Dataset records:
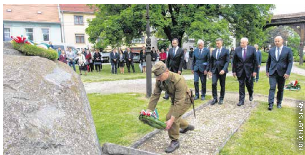
A megemlékezés után elsőként Sopron vezetése helyezte el koszorút az emlékműnél.
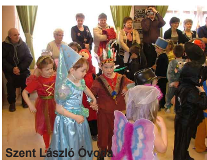
Szent László Óvoda

Február a farsang időszaka. A város oktatási intézményeiben egymást érik a farsangi mulatságok. A gyerekek és a szülők igen változatos jelmezeket készítettek. A vidám műsorszámok és a jelmezes felvonulás után pedig a finomságok elfogyasztása és a közös multság következett.
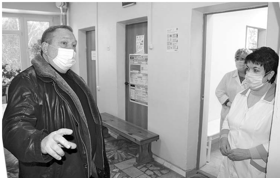
Врио заместителя Губернатора Константин Баранов проверяет прививочные кабинеты в Суздальской поликлинике.

Для вакцинации необходимо предъявить паспорт, снилс и полис обязательного медицинского страхования.
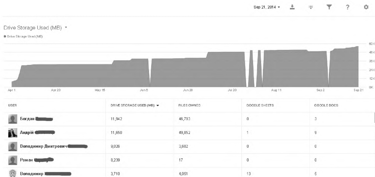
Рис. 1. Графік росту використання обсягу дискового простору в сервісі Google Drive ТДМУ протягом 2–3 кварталу 2014 року.

Якісні зміни в процесі діловодства вимагають більш тривалого часу та не лише накопичення “критичної маси” електронних документів, а й розширення переліку активних користувачів хмарних сервісів.
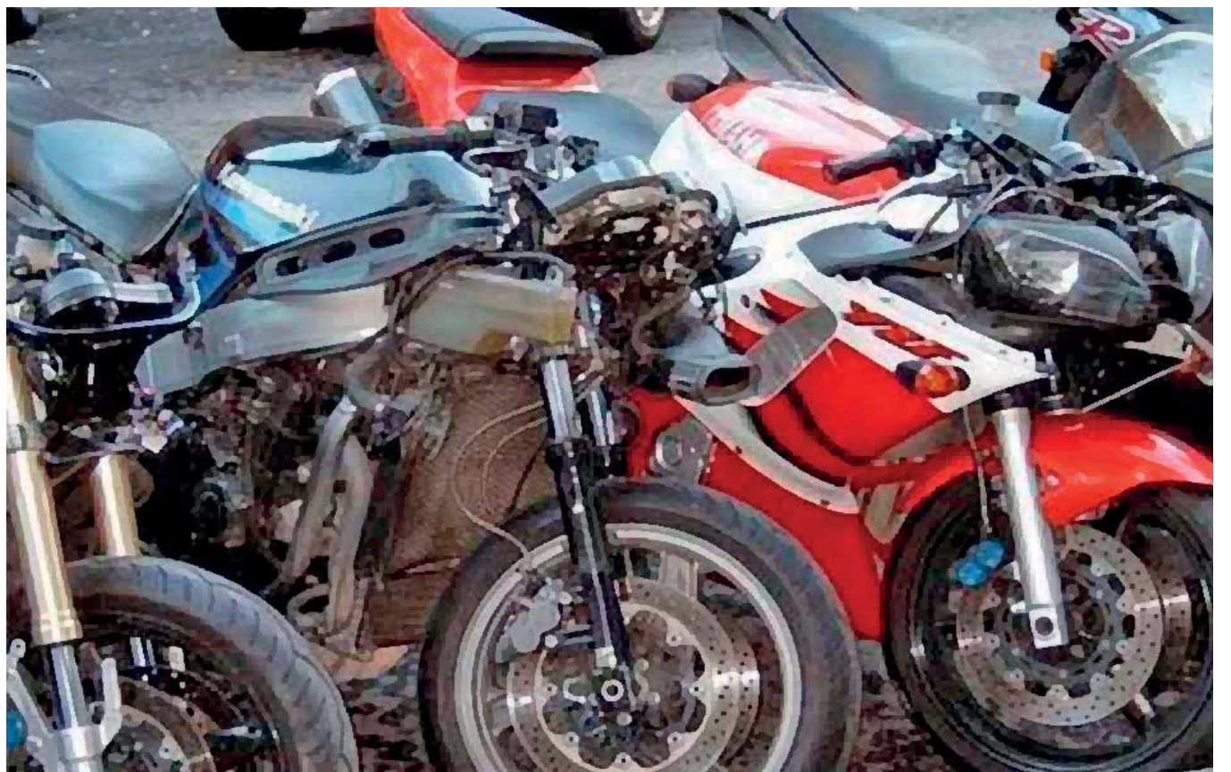
En la comunidad de San Diego Chalma fue detectado un depósito de motocicletas robadas, las cuales eran transportadas a la Sierra Negra para venderlas en 3 mil pesos
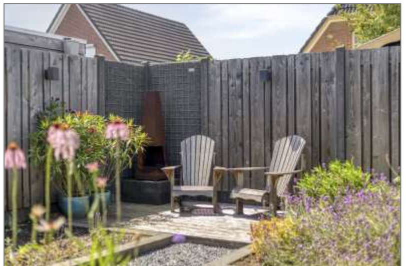
De Singel 4 - Varsseveld
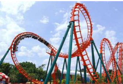
เครื่องเล่นในสวนสนุก
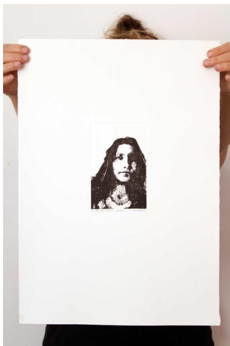
Slika 8. Četvrti autoportret prvog djela rada
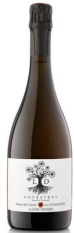
Ancestral Escumós Clàssic Penedès Xarel·lo Vermell 15 mesos
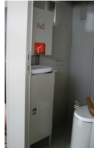
Equipped with the hand wash facility MoBa
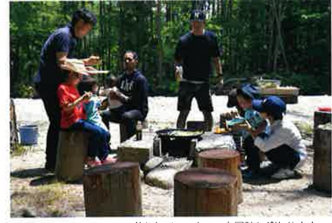
釣りとおバーベキューを同時に楽しめます
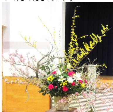
撮影日 3月2日 「くちわのつどい」で ステージを飾った生花
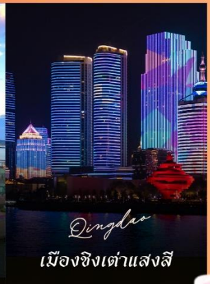
Qingdao เมืองชิงเต่าแสงสี
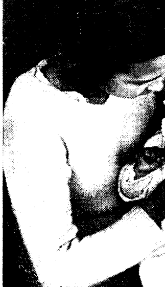
DE JONGSTE SPAANSCH SPRUIT DIE IN BELGIE VERZORGD WORDT

Naar Unied Press verneemt, heeft Barrio van-dag nog aan Negrin gezegd, dat hij tijdens zijn verblijf in Frankrijk onmogelijk zijn officiële funkties kan uitoefenen, omdat Frankrijk de regeering van Franco erkend heeft. Niettemin blijft hij steeds bereid, alles in het werk te stellen om zoo snel mogelijk het sluiten van den vrede te vergemakkelijken.
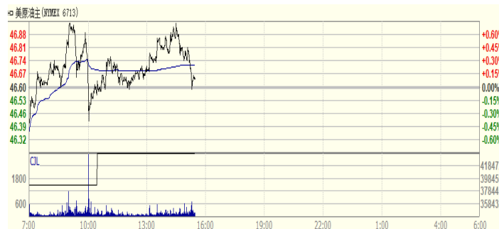
图 2: WTI 原油期货价格走势 (美元/桶)
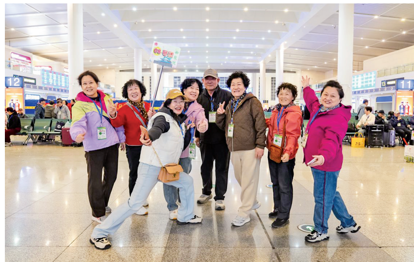
游客合影留念

近年来, 中铁呼和浩特局深耕“旅游+专列”融合促进产业升级, 坚持“火车向着景区开”, 针对中老年游客的出行需求和特点, 不断优化旅游线路、创新特色服务, 精心打造高品质旅游专列产品, 催生更多新的旅行体验, 满足旅客多样化、个性化需求, 助力旅游市场和经济社会发展。
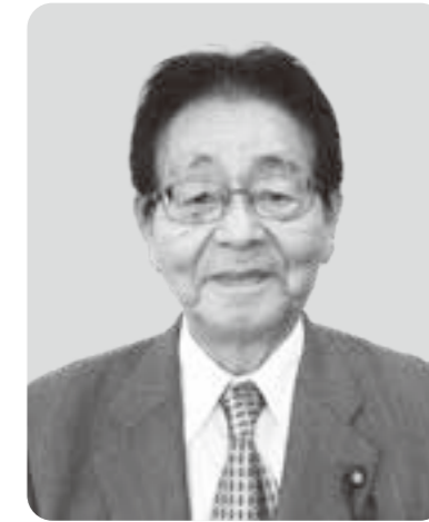
高野 進 議員

問 新型コロナウイルスが猛威を振るっており、当町でも感染者の増加が見受けられる。今年の感染者は6月15日現在49名。今年も町行事やイベントの中止または変更等をする考えは。 町長 感染リスクの対応が整わないイベントは原則中止または延期、方式の変更等を含め慎重な対応をする方針です。
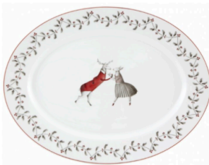
NOEL MEDIUM OVAL PLATTER €73.00
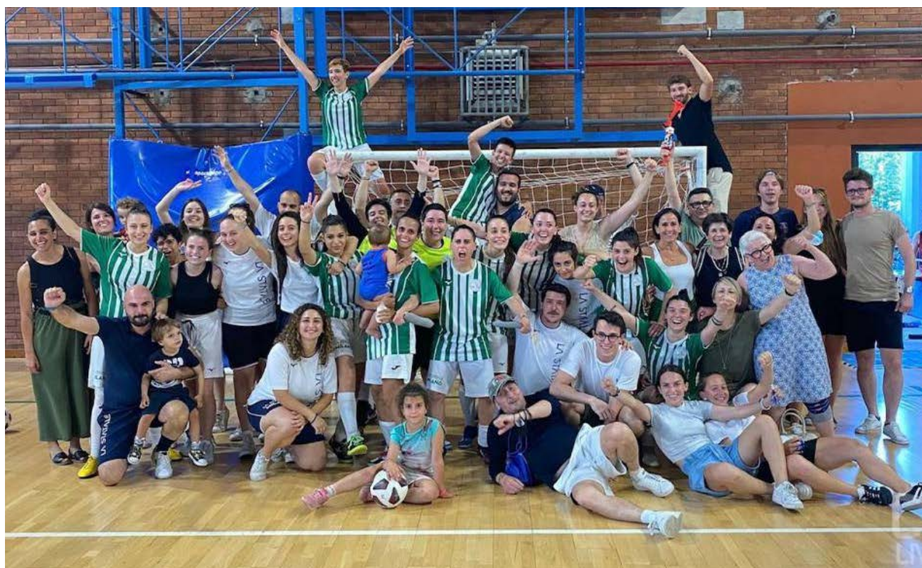
Il Cus Milano neopromosso in Serie A2
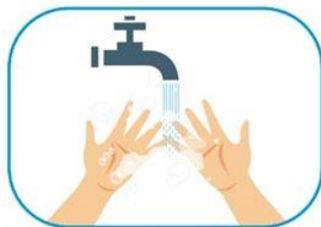
1 Lavado de manos
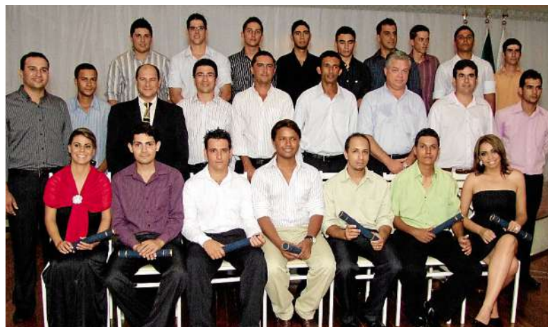
Formandos do curso técnico em Química

Dedicação e esforço são itens essenciais para quem quer se desenvolver profissionalmente. Para reconhecer o empenho dos funcionários, a Usina Ipê realizou entre dezembro de 2010 e fevereiro de 2011, a formatura dos estudantes de cursos técnicos e escolas de formação que foram capacitados pela empresa.
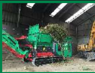
Verde: 60 tn/h
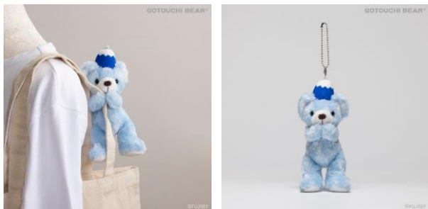
「ご当地ペアハグマスコット」
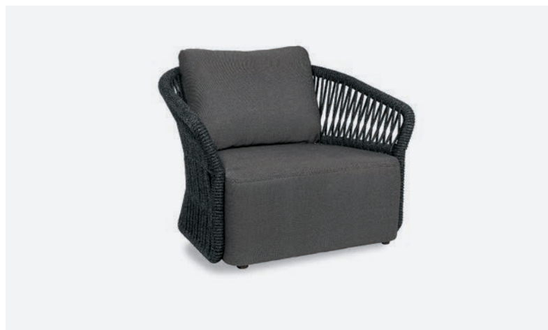
POLTRONA METHOD COD 565/AT34
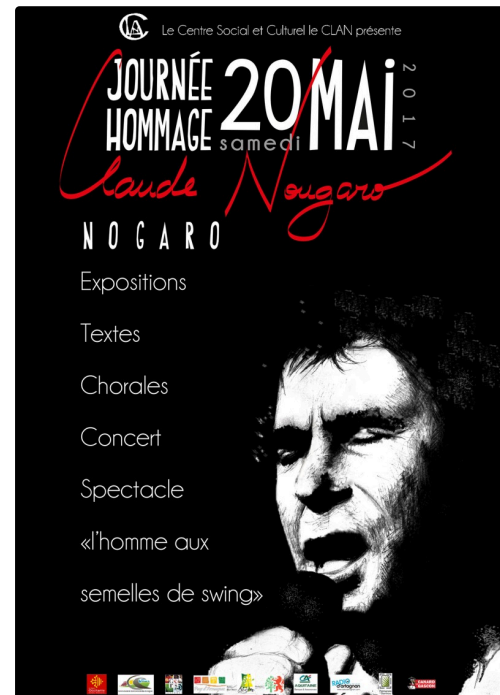
Affiche de l'hommage à Claude Nougaro
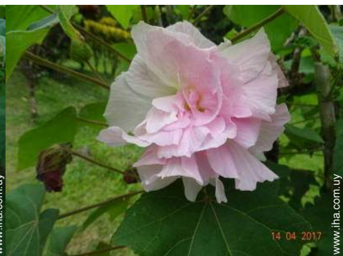
vista desde la terracea cubierta
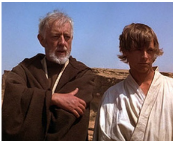
1976 LA GUERRE DES ÉTOILES (Star Wars) de George Lucas avec Mark Hamill
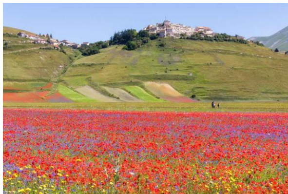
Fig. 4 – La Piana di Castelluccio e il borgo durante la fioritura.

giugno, durante la quale la Piana si riempie di colori; la ruvidezza di un altopiano a 1400 metri, impervio e difficile da vivere, eppure faticosamente antropizzato nel corso dei secoli.
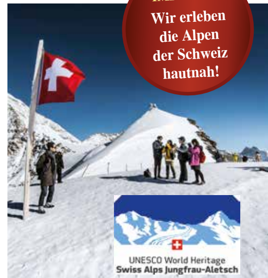
▲ Alpine Wunderwelt im Sommer
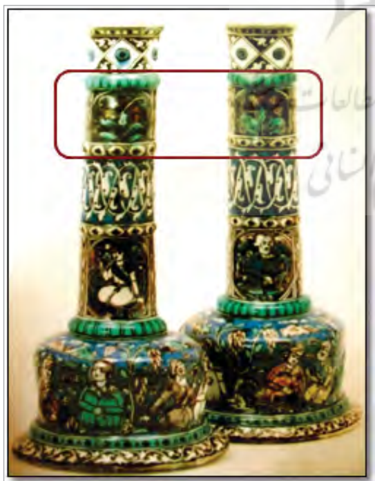
تصویر ۳۲. شمعدان، سده نوزدهم میلادی، مجموعه خلیلی، شماره: Pot 1536A pot 1536 B، نقش میخک قرمز بر گردن ظرف (ورنویت، ۱۳۸۳: ۱۶۳).

تصویر ۲۹ اقتباس شده است که در ترکیب با طرح‌های ایرانی نیز دیده می‌شود. اقتباس چنین نقش‌مایه‌هایی در پی کپی‌های صرف از ظروف ایزنیک که پیش‌تر درباره آنها سخن رانده شد، بدیهی به نظر می‌رسد و دور از ذهن نیست که این نقش‌مایه‌ها در ذهن سفالگران باقی مانده و روی نمونه‌های داخلی ظاهر شده باشند. چنانکه نقوشی چون گل‌های میخک قرمز در ظروف چندرنگ کرمان در دوره صفوی نیز قابل مشاهده است (تصویر ۳۱).
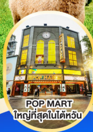
POP MART ใหญ่ที่สุดในไต้หวัน

ฟรี ประกันสุขภาพ และอุบัติเหตุ Include ไทยวิวัฒน์ GTIP Plus (Gold Plan) 3 ล้านบาท *คุ้มครองสูงสุด ** เงื่อนไขเป็นไปตามที่บริษัทกำหนด ความคุ้มครองเป็นไปตามกรมธรรม์ประกันภัย 5วัน3คืน
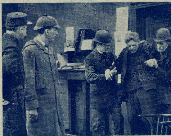
»En Studie i Rødt«
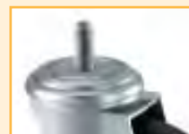
ATTACCO FILETTATO THREADED STEM
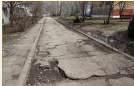
Фото объекта «До»
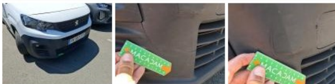
Moulure de pare-chocs AV, Griffe(s), Peindre

Your task:
The lines above starting at the one that holds "DE JONGSTE SPAANSCH" and ending at the one that holds "Wunderwelt im Sommer" are to be written out exactly, ends included, and no pictures are to be copied.

Answer for this exercise:
DE JONGSTE SPAANSCH SPRUIT DIE IN BELGIE VERZORGD WORDT

Naar Unied Press verneemt, heeft Barrio van-dag nog aan Negrin gezegd, dat hij tijdens zijn verblijf in Frankrijk onmogelijk zijn officiële funkties kan uitoefenen, omdat Frankrijk de regeering van Franco erkend heeft. Niettemin blijft hij steeds bereid, alles in het werk te stellen om zoo snel mogelijk het sluiten van den vrede te vergemakkelijken.
图 2: WTI 原油期货价格走势 (美元/桶)
游客合影留念

近年来, 中铁呼和浩特局深耕“旅游+专列”融合促进产业升级, 坚持“火车向着景区开”, 针对中老年游客的出行需求和特点, 不断优化旅游线路、创新特色服务, 精心打造高品质旅游专列产品, 催生更多新的旅行体验, 满足旅客多样化、个性化需求, 助力旅游市场和经济社会发展。
高野 進 議員

問 新型コロナウイルスが猛威を振るっており、当町でも感染者の増加が見受けられる。今年の感染者は6月15日現在49名。今年も町行事やイベントの中止または変更等をする考えは。 町長 感染リスクの対応が整わないイベントは原則中止または延期、方式の変更等を含め慎重な対応をする方針です。
NOEL MEDIUM OVAL PLATTER €73.00
Il Cus Milano neopromosso in Serie A2
1 Lavado de manos
Formandos do curso técnico em Química

Dedicação e esforço são itens essenciais para quem quer se desenvolver profissionalmente. Para reconhecer o empenho dos funcionários, a Usina Ipê realizou entre dezembro de 2010 e fevereiro de 2011, a formatura dos estudantes de cursos técnicos e escolas de formação que foram capacitados pela empresa.
Verde: 60 tn/h
「ご当地ペアハグマスコット」
POLTRONA METHOD COD 565/AT34
Affiche de l'hommage à Claude Nougaro
vista desde la terracea cubierta
1976 LA GUERRE DES ÉTOILES (Star Wars) de George Lucas avec Mark Hamill
Fig. 4 – La Piana di Castelluccio e il borgo durante la fioritura.

giugno, durante la quale la Piana si riempie di colori; la ruvidezza di un altopiano a 1400 metri, impervio e difficile da vivere, eppure faticosamente antropizzato nel corso dei secoli.
▲ Alpine Wunderwelt im Sommer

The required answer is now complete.